Domestic budget and revenue constraints will complicate Ruto's near-term efforts to alleviate the cost of living crisis. Ruto has not specified how he plans to finance his economic reform agenda. While spending cuts like the Sept. 15 cancellation of Kenya's gasoline subsidy will give Ruto some fiscal room, it won't be enough to cover the litany of proposed measures. In June, the Kenyan parliament passed a supplementary budget and raised the debt ceiling to finance former President Uhuru Kenyatta's 2022-23 fiscal budget. Funding for Ruto's proposed measures could require the approval of a second supplementary budget at the October mid-term budget meeting. Anonymous officials close to Ruto have suggested that the new administration could fund another supplementary budget by pausing and taking financing from programs that do not fall under the ministries of agriculture, energy, manufacturing, water and irrigation. This, however, would prove difficult due to Kenya's deeply embedded patronage system and the political and social fallout from defunding programs that have already received financing. Ruto has also suggested that the government can finance increased ''bottom-up'' investment by increasing tax revenue. However, inadequate tax collection is a long-standing challenge in Kenya that is unlikely to be solved in the coming weeks as corruption, mismanagement and insufficient personnel have survived a multitude of presidential administrations.

  • If the new administration is able to reallocate resources to its preferred sectors, Ruto's programs are likely to face many of the challenges that plagued his predecessor, such as patronage-based resource allocation. As an example, this means that a program like Ruto's proposal for subsistence farmers to receive 1.4 million bags of subsidized fertilizer will be applied across regions and municipalities unevenly, likely based on relationships rather than need. 

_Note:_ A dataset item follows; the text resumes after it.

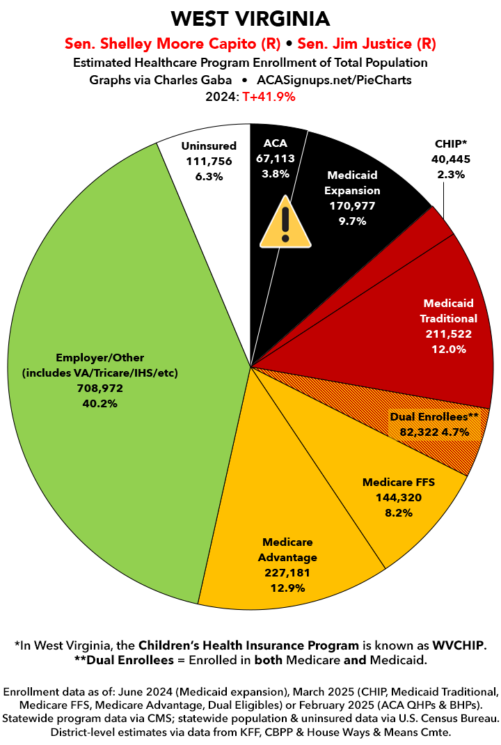 UPDATE 7/15/25: I've updated the web versions of the graphics with the most up-to-date enrollment data I have access to. The black sections w/the ⚠️ symbol are those most at risk of losing healthcare coverage due to H.R. 1, the "One Big Beautiful Bill Act" (aka the #MAGAMurderBill).​​​​​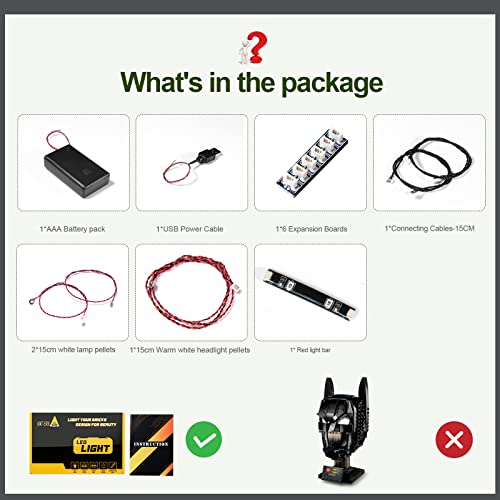 Progettato per Lego 76182: il kit di luci è particolarmente utilizzato per illuminare il kit di luci LED per Lego DC Batman Cowl 76182 e rendendolo più realistico e unico. (Il modello Lego non è incluso, kit Just Light)

External factors will exacerbate Kenya's economic crisis during Ruto's first 100 days and disappoint public expectations for immediate relief. In addition to domestic budgetary constraints, forces outside of Ruto's control — including the worst drought East Africa has seen in 40 years, along with the global economic downturn — will hamper the new president's ability to reinvigorate Kenya's ailing agricultural sector. Without rain, the country cannot supply its own food or sustain greater employment opportunities, which will eventually force the government to increase food imports at a high fiscal cost for the state. In addition, global supply chain bottlenecks, the energy crisis in Europe and tightening monetary policy in the West will continue to add pressure to global interest rates and weaken investor interest in ''at-risk'' emerging markets like Kenya. Against this backdrop, Ruto's planned investments in agriculture and unemployment have a very slim chance of alleviating the cost of living crisis in the next quarter, thereby failing to satisfy consumer demands. 

This will reduce political support for medium-term fiscal consolidation measures, increasing the risk of debt distress. Kenya's grim economic climate will leave Ruto with very little room for political maneuvering — limiting his ability to institute fiscal consolidation measures required by Kenya's ongoing program with the International Monetary Fund, like the removal of diesel and kerosene subsidies currently scheduled for October. In light of Kenya's high risk of debt distress, external creditors will probably take any deviation from the IMF program as a sign of heightened risk, likely resulting in increased yields on external credit that Kenya may need to issue in the coming months in order to cover its medium-term debt servicing costs, thereby further depressing the country's economic outlook. 

  • The ongoing East African drought in East Africa is exacerbating food shortages (and, in turn, price shocks) by depleting crop and livestock yields. The Kenyan Meteorological Services predicts that poor rainfall will reduce crop yields and livestock production for a third year in a row from September-December 2022.
  • Historically, fiscal consolidation measures like cutting fuel subsidies, pausing public wage increases and slashing food vouchers have prompted unrest in Kenya, at times spurring the government to reverse course.